A. Pursuant to such purchase orders that BBH&Co. as the Index Receipt Agent shall receive from [Insert Distributor Name], LLC (“Distributor”) and pursuant to the procedures set forth in the Authorized Participant Agreement entered into by the Fund, TA shall transfer appropriate trade instructions to the Custodian and pursuant to such orders register the appropriate number of book entry only Shares in the name of The Depository Trust Company (“DTC”) or its nominee as a unitholder (each an Authorized Participant) of the Fund and deliver the Basket.
B. Pursuant to such redemption orders that Index Receipt Agent shall receive from the Distributor, pursuant to the procedures set forth in the Authorized Participant Agreement entered into by the Fund, TA shall transfer appropriate trade instructions to the Custodian and, pursuant to such orders, redeem the appropriate number of Shares that are delivered to the designated DTC Participant Account of the Custodian for redemption and debit such Shares from the account of the Authorized Participant on the register of the Fund.

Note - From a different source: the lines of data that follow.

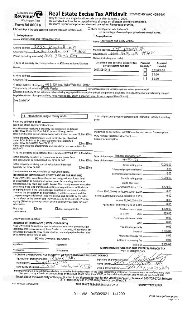 | 2 | 04/09/2021 | SWD | STATUTORY WARRANTY DEED | OJCIUS DANIEL & TERESA ANN | VIOLETTE LEO O & JUDITH J | | | $170,000.00 | 141299 | 2021-04149 |
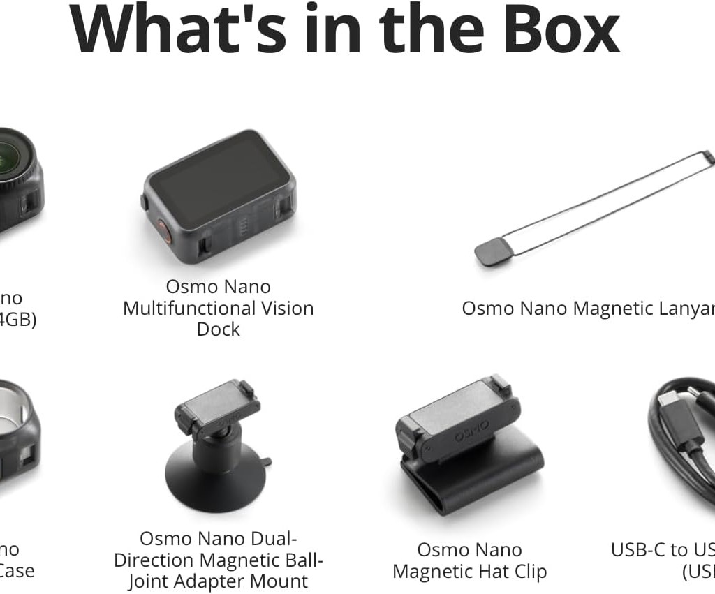 DJI Osmo Nano Standard Combo (128G,64G) - Small 4K/60fps Vlogging Camera with a 1/1.3″ Sensor, 143° Wide FOV Video, 200-Min Recording, Swift Content Transfer, Magnetic POV Cam 4K for Sports, Vlog
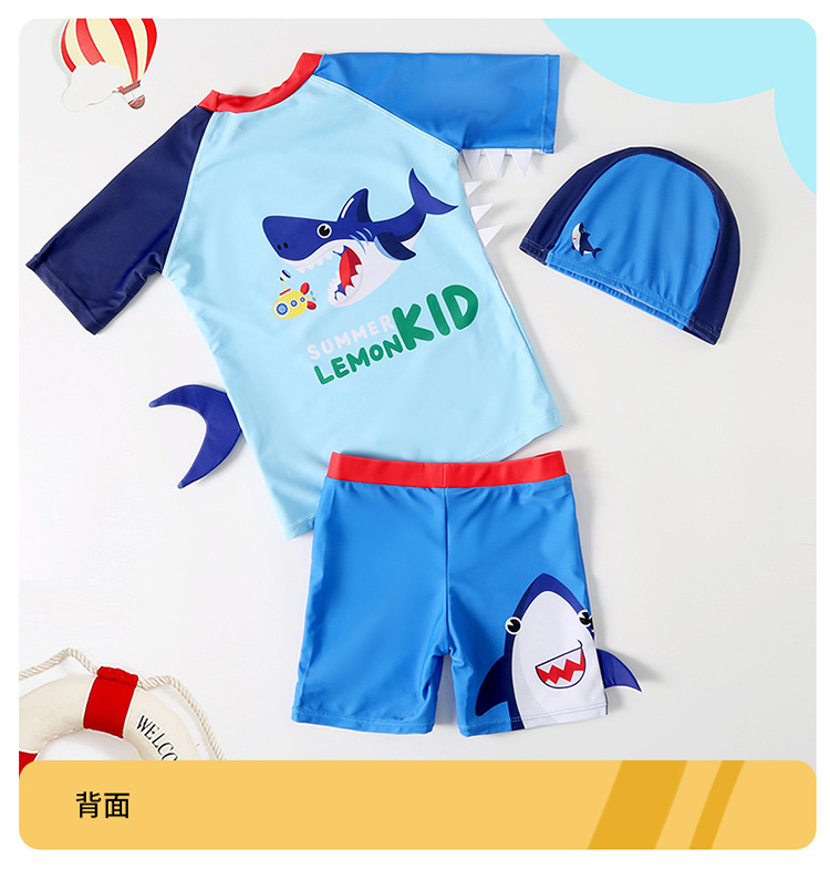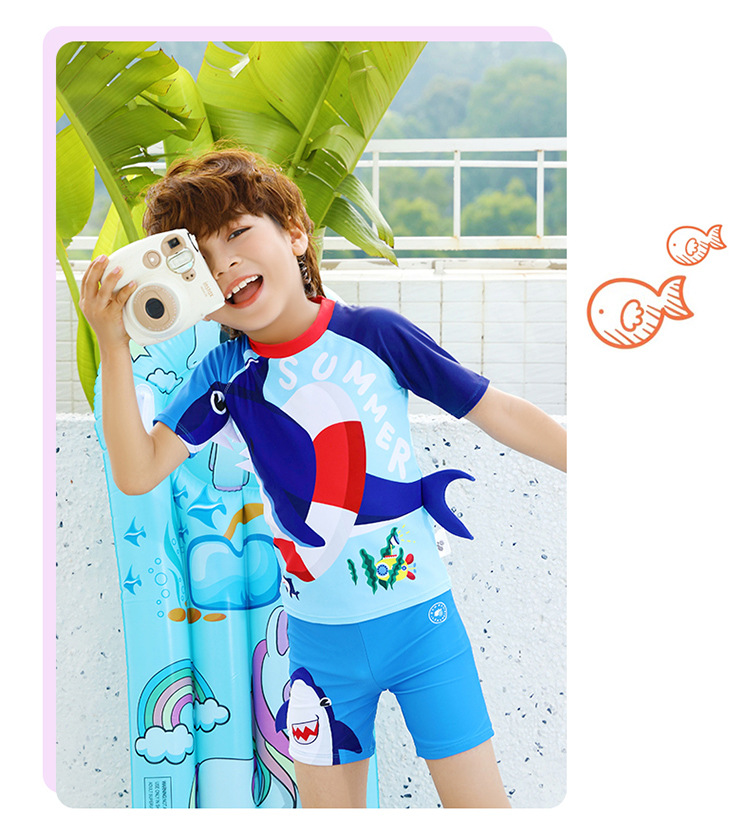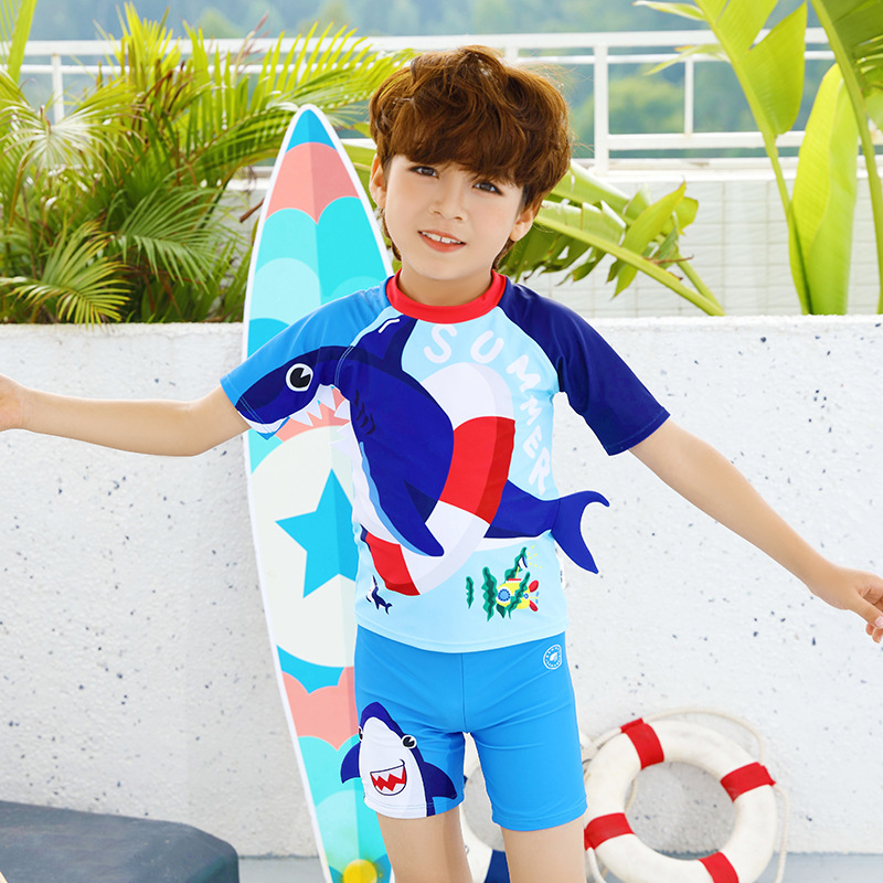 만화 상어 어린이 수영복 소년 수영 트렁크 중형 어린이 분할 수영복 귀여운 작은 소년 아기 수영복
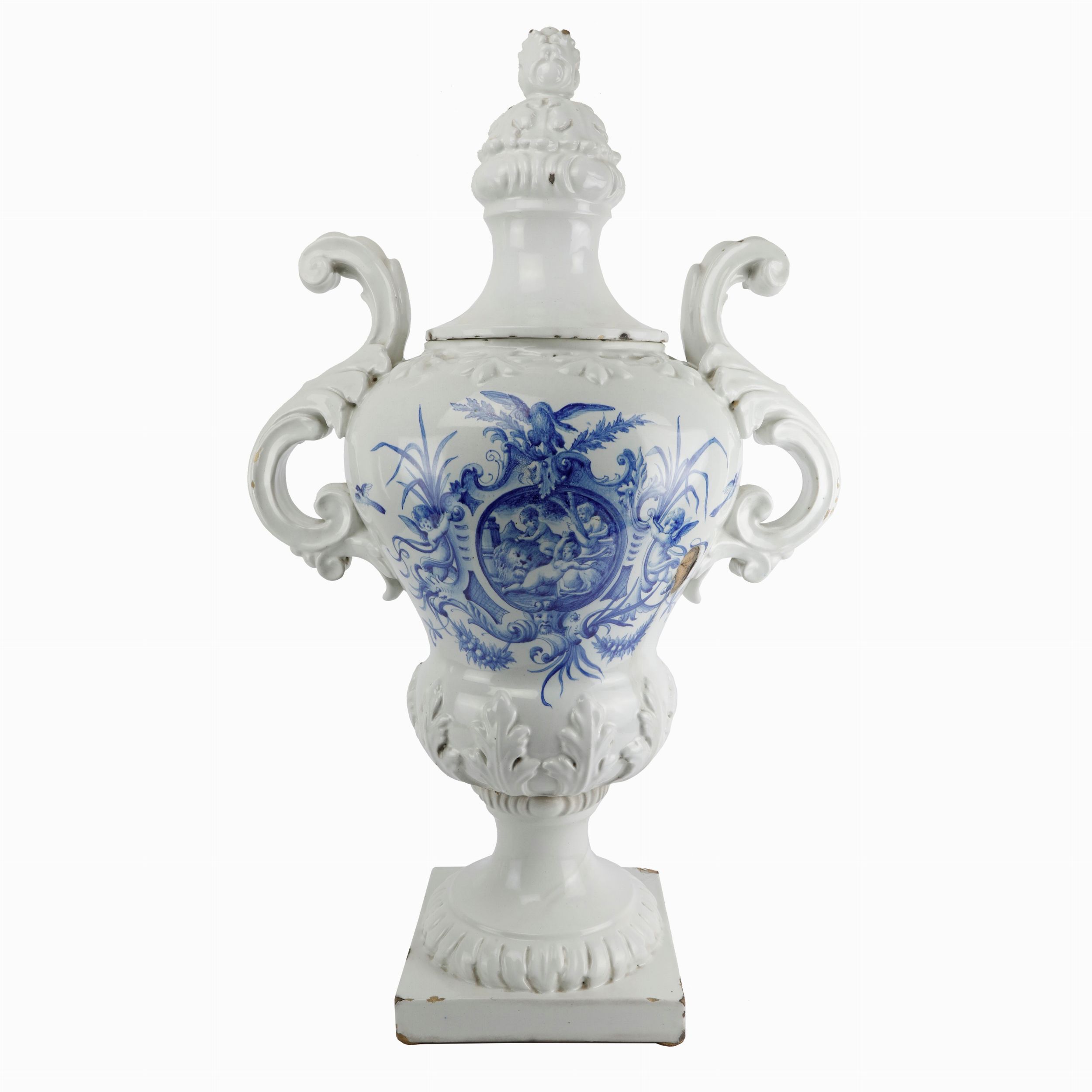 80 x 54 cm ultimo quarto XIX secolo con decoro floreale e putti entro riserve in blu cobalto, anse a foggia, coperchio con impugnatura a bocciolo, piede a quadrangolare. Sbeccatura alla base lungo il bordo del coperchio ed 1 mancanza sul corpo. Manifattura Cantagalli

C. On behalf of the Fund, TA shall issue Creation Baskets for settlement with purchasers through DTC as the purchaser is authorized to receive. Beneficial ownership of Shares shall be shown on the records of DTC and DTC Participants and not on any records maintained by TA. In issuing Shares through DTC to an Authorized Participant, TA shall be entitled to rely upon the latest Instructions that are received from the Distributor by TA as Index Receipt Agent concerning the issuance and delivery of such Shares for settlement.
D. TA shall not issue on behalf of the Fund any Shares where it has received an Instruction from the Fund or the Distributor or written notification from any federal or state authority that the sale of the Shares has been suspended or discontinued, and TA shall be entitled to rely upon such Instructions or written notification.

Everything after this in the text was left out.